Harnessing the Power of Autogen Multi-Agent Systems via API Integration

Building LLM-powered autonomous agents has become a much-talked-about topic with the speed Large Language Models are evolving today. In the past year alone, a lot of new technologies and frameworks have emerged based on this idea.

When exploring such available options, we came across Autogen, an open-source agent communication framework developed by Microsoft.

Autogen fills a gap that many such new technologies have failed to address: allowing multiple agents to collaborate to achieve a common goal.

It adds minimal yet vital functionality on top of an LLM to support initialization and collaboration of multiple agents. It allows setting up one-to-one communication avenues between these agents as well as group chats with several participant agents. This, especially, was indispensable for our use case.

But as a framework still in its early age, we found integrating Autogen’s agent system into an actual production environment, like a web app, via an API to be a challenge still. Due to the lack of existing documentation or resources, it required a few workarounds in the agent communication flow that we had to discover the hard way.

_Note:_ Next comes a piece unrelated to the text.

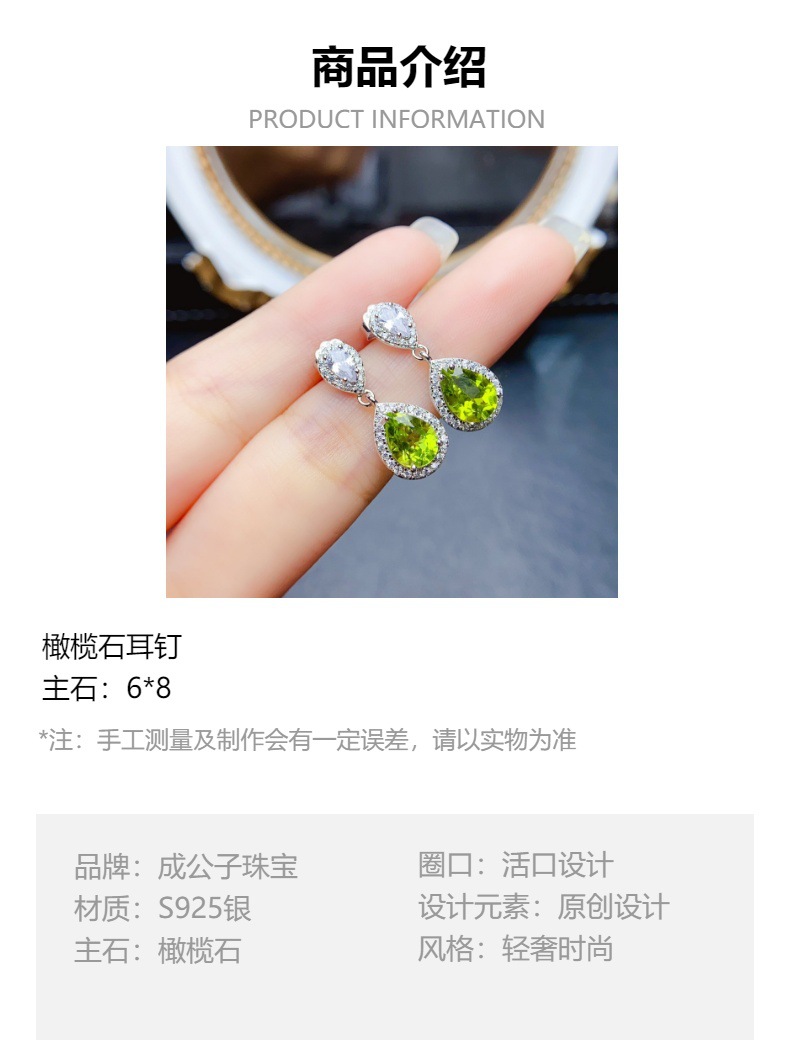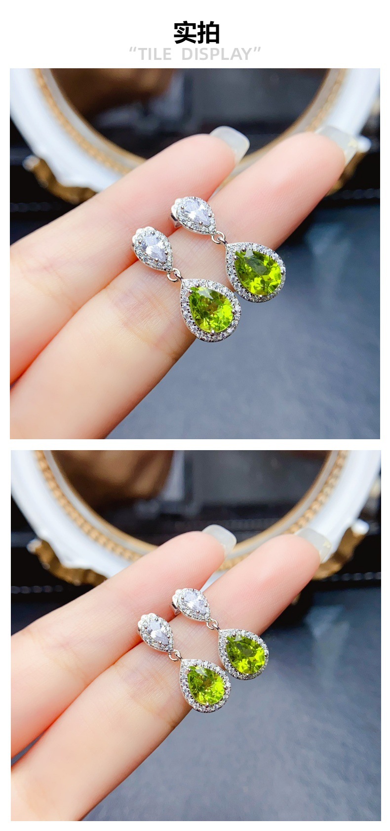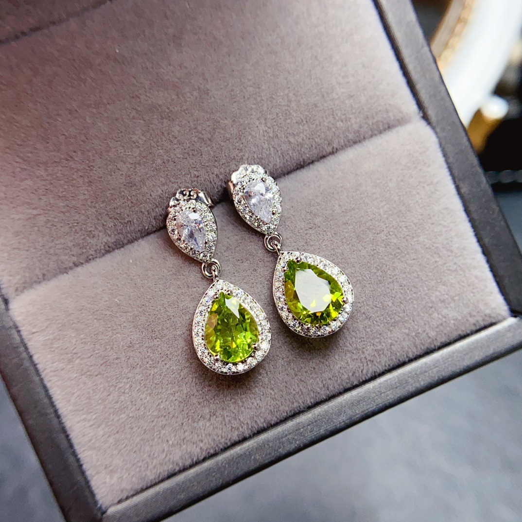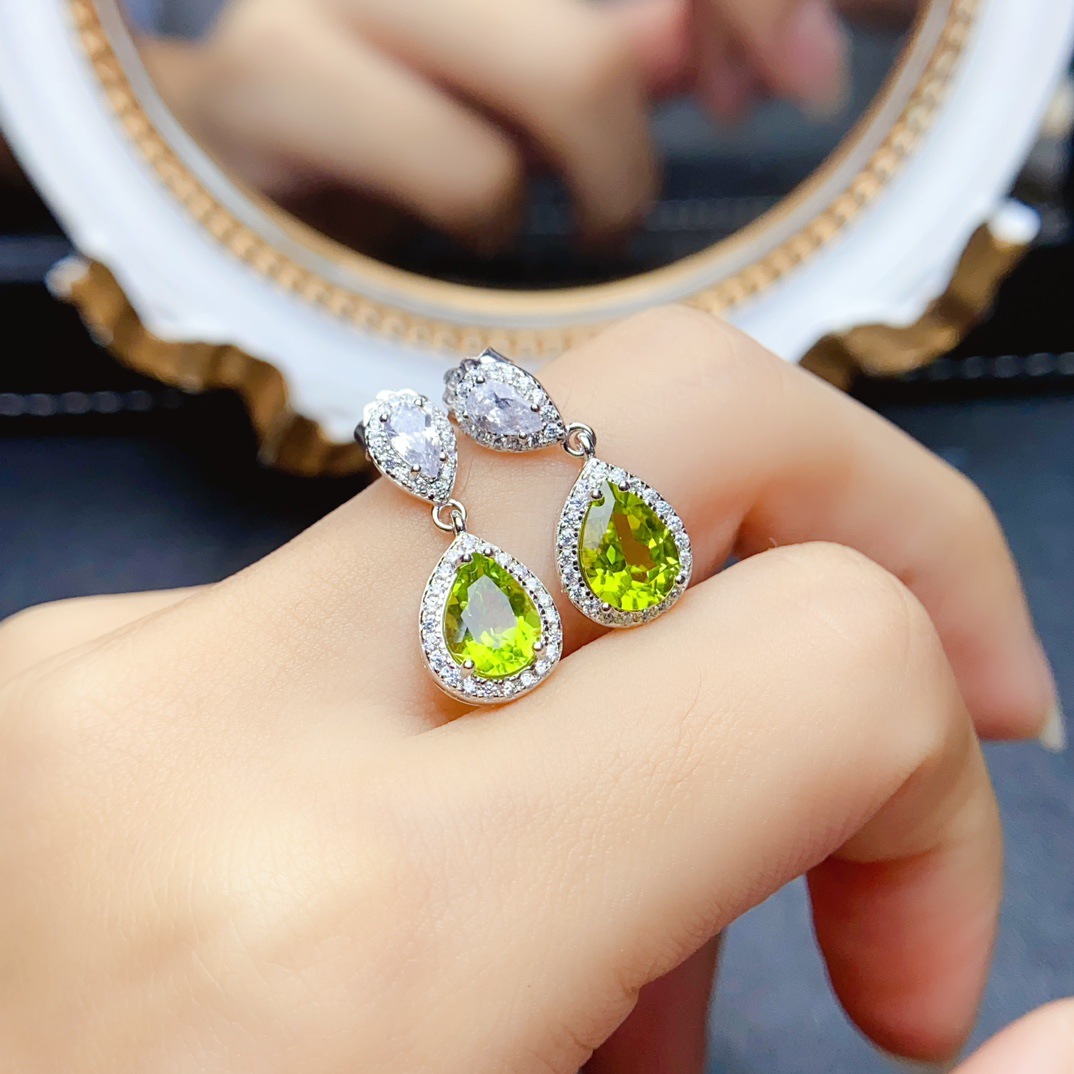Новый натуральный оливин серьги S925 Серебряный инкрустированный основной камень 6*8 мм

So, in this article, I want to discuss the step-by-step process of connecting Autogen agents to an API and the challenges that come with it for documentation purposes. But first, I’ll start with a more detailed introduction of Autogen.

What is Autogen?

As introduced before, Autogen is an LLM-based agent communication framework. It supports creating agents with different personas. These agents can then collaborate either using one-to-one message passing or a group chat setting where each agent takes turns speaking.

Autogen comes with a few built-in agent types with different capabilities. For example:

• User Proxy Agent: A proxy for the user that can retrieve user inputs and execute code.
• Assistant Agent: An agent with a default system message that allows them to behave as an assistant for completing a task.
• Conversable Agent: An agent with conversational abilities used as the building block of assistant and user proxy agents.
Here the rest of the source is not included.